▶

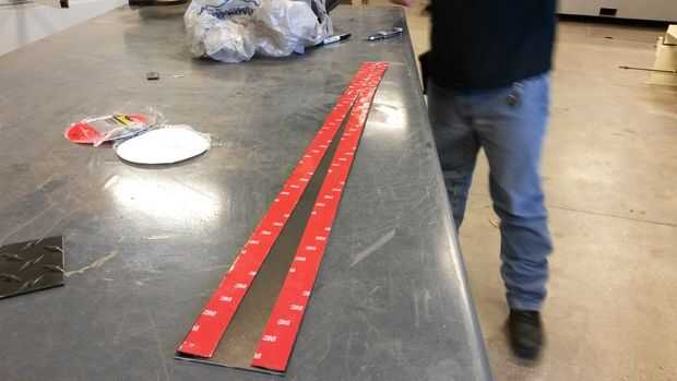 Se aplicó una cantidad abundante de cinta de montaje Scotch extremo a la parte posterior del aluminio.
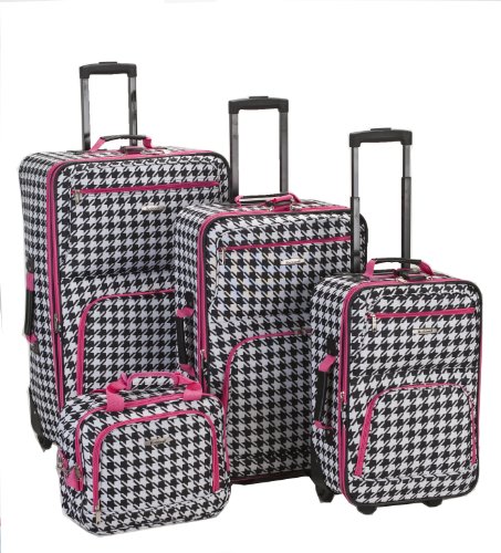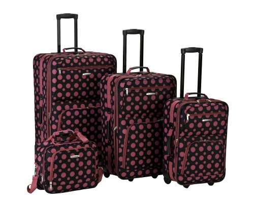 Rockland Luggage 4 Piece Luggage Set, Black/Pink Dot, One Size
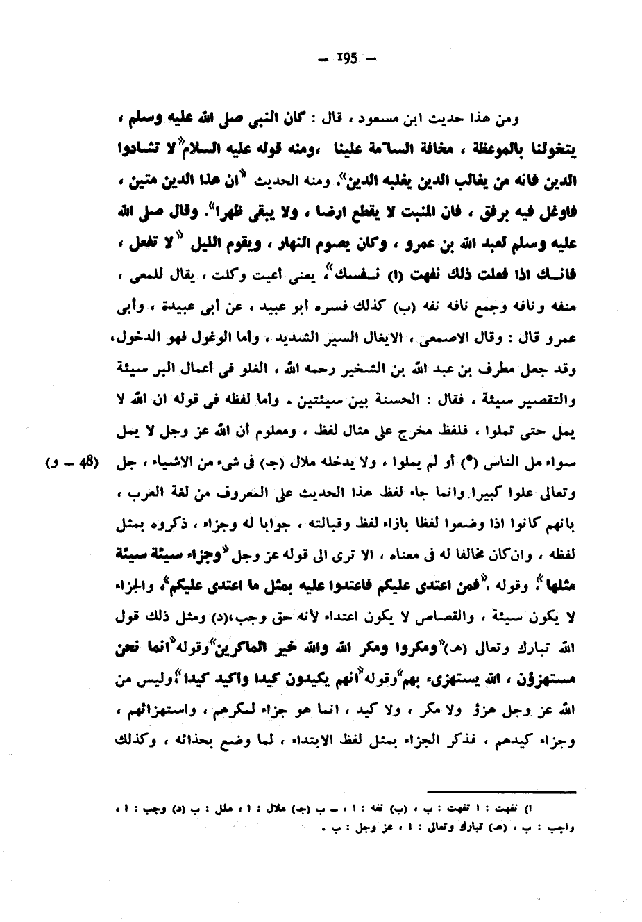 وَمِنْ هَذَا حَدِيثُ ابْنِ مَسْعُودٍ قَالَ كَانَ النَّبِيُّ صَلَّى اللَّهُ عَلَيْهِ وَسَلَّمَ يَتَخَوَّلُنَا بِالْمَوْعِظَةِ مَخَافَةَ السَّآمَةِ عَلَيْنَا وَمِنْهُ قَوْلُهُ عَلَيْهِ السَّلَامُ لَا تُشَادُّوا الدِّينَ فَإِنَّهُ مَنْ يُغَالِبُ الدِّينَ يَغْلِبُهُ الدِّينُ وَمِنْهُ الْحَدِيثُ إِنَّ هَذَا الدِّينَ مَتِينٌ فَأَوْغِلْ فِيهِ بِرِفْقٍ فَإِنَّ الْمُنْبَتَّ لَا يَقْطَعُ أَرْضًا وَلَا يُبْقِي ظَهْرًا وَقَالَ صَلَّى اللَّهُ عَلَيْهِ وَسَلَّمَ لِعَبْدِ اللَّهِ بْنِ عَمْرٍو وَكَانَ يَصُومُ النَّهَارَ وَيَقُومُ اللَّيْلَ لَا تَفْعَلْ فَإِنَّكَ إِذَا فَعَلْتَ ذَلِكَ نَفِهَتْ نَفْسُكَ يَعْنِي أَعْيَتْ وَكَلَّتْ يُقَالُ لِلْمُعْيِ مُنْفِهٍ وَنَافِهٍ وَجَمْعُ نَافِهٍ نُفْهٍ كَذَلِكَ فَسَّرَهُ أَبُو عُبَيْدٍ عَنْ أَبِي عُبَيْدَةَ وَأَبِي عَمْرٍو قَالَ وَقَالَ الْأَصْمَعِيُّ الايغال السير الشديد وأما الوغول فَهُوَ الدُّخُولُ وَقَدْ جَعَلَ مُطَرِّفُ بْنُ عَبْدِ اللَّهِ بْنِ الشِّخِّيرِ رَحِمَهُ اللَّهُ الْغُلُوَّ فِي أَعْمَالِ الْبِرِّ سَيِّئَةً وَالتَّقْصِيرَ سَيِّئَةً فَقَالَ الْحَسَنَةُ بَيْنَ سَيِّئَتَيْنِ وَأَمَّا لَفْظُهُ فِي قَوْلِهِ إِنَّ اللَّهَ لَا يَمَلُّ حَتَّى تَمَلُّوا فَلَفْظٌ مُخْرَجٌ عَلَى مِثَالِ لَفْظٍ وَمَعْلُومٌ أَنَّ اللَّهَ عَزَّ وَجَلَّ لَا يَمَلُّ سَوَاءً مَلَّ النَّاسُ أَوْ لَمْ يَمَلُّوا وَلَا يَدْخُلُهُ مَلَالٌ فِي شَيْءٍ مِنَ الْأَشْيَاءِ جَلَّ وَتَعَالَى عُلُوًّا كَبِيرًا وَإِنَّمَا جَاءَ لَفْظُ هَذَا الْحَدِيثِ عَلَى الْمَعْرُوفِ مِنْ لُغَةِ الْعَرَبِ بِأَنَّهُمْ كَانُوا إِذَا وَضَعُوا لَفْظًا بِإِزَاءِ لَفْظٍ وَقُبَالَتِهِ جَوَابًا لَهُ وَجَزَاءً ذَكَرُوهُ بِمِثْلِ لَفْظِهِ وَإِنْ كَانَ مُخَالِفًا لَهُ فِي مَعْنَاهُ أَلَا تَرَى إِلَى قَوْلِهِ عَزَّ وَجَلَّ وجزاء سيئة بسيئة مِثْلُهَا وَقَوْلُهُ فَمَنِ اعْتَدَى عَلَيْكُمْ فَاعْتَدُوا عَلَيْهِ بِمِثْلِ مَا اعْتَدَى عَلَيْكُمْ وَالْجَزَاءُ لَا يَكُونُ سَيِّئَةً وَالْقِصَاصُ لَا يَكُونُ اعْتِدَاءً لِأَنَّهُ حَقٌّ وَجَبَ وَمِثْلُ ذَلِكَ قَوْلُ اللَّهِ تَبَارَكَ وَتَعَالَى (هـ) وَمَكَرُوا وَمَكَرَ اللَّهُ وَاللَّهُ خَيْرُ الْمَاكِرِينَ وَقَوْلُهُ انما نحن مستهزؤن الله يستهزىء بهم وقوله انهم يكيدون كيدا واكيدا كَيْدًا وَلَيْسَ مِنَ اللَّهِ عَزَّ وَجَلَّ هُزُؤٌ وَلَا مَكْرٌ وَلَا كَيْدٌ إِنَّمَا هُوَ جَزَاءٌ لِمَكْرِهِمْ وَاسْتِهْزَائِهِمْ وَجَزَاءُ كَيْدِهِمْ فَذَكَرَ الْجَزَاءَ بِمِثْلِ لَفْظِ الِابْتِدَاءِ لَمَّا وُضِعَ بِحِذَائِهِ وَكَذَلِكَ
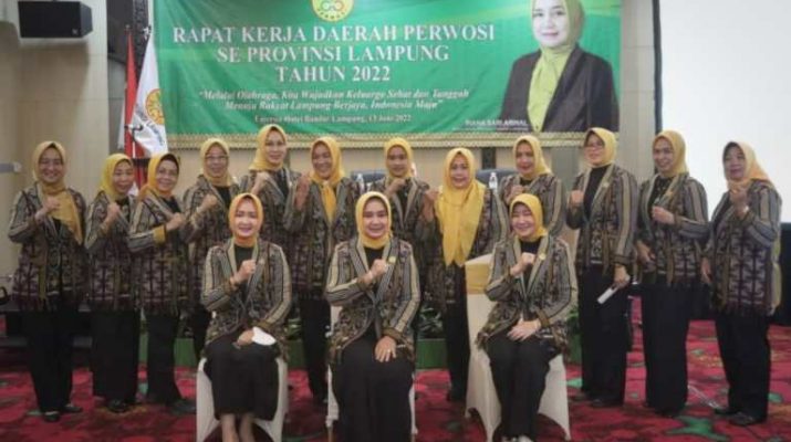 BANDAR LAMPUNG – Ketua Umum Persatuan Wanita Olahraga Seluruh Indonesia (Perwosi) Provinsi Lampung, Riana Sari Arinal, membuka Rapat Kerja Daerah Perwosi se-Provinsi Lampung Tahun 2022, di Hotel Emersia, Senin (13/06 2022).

◀
▶

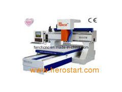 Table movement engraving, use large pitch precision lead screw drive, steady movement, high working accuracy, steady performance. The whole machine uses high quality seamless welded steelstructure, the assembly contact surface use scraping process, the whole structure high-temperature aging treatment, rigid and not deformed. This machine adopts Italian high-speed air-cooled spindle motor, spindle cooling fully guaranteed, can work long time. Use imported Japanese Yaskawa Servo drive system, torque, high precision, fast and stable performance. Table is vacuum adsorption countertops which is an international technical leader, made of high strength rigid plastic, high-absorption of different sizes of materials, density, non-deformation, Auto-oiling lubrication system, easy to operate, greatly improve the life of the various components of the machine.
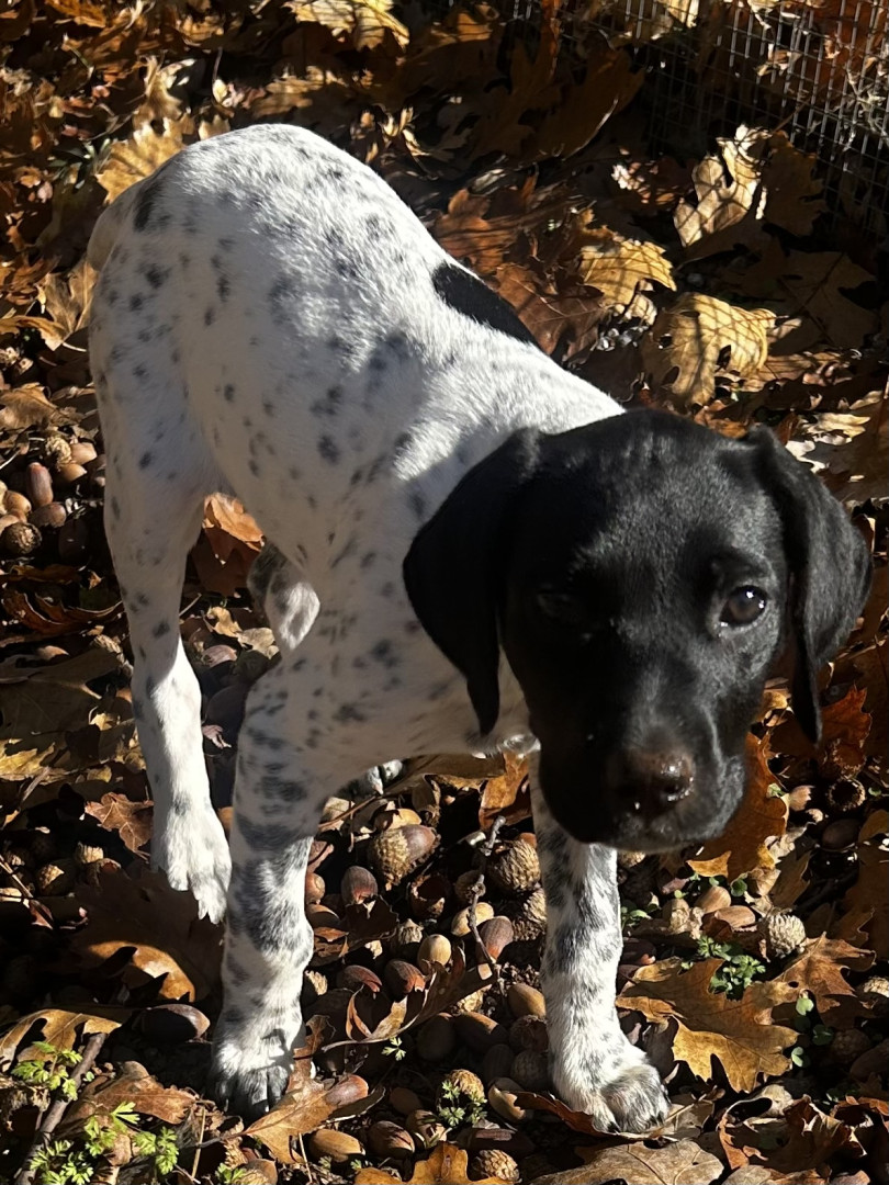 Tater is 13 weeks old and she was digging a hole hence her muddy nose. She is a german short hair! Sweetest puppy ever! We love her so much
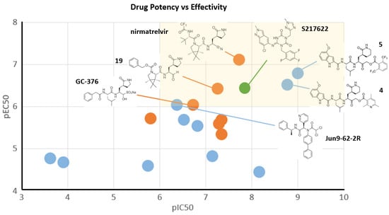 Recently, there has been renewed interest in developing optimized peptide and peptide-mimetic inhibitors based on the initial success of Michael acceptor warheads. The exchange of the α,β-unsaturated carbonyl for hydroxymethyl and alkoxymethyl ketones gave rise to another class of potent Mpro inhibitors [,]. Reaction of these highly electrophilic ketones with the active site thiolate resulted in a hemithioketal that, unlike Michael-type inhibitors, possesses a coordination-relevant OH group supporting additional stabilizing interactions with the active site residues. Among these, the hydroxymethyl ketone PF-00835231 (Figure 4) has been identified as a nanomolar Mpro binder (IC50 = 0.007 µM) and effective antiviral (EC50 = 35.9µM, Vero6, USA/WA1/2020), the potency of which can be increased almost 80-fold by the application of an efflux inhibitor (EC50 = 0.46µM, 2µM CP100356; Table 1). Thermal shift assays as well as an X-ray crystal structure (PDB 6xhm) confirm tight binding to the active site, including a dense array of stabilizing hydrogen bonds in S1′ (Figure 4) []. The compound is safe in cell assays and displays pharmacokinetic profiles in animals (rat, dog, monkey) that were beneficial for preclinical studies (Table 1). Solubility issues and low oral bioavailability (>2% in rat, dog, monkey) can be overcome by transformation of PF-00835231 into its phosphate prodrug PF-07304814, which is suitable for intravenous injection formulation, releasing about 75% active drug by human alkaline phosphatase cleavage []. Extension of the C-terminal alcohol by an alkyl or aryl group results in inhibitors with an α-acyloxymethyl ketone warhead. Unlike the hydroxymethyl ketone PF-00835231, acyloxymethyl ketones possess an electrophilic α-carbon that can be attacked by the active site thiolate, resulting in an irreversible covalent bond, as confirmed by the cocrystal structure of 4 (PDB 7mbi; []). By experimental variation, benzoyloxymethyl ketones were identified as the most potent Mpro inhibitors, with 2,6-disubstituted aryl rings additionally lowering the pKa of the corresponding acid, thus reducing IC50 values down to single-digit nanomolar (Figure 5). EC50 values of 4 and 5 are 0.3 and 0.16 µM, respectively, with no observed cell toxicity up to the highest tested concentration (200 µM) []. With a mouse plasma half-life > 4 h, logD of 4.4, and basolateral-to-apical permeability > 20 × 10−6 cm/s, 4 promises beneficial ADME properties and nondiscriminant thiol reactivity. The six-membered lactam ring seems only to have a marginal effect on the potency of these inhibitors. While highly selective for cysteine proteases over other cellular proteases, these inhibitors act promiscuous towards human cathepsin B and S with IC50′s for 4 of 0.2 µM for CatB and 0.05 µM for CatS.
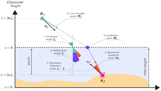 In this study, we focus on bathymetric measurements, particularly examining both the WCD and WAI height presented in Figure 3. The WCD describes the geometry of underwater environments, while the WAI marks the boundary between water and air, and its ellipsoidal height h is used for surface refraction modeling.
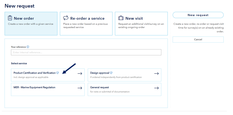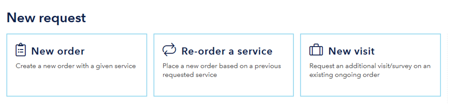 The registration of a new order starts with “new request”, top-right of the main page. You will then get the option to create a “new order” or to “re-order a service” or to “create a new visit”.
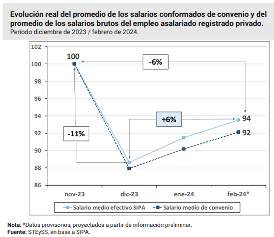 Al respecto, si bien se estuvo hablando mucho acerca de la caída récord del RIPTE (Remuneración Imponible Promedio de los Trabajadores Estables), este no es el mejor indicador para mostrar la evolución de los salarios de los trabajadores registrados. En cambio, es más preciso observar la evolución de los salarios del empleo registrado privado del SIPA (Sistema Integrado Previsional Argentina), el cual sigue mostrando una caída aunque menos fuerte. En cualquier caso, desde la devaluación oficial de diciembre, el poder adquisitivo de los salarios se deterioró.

◀

Exercise description:
Out of the records above, set down only the lines from the one that contains "Se aplicó una" through the one that contains "Rockland Luggage 4", unchanged and without the pictures.

Solution below:
 Se aplicó una cantidad abundante de cinta de montaje Scotch extremo a la parte posterior del aluminio.
 Rockland Luggage 4 Piece Luggage Set, Black/Pink Dot, One Size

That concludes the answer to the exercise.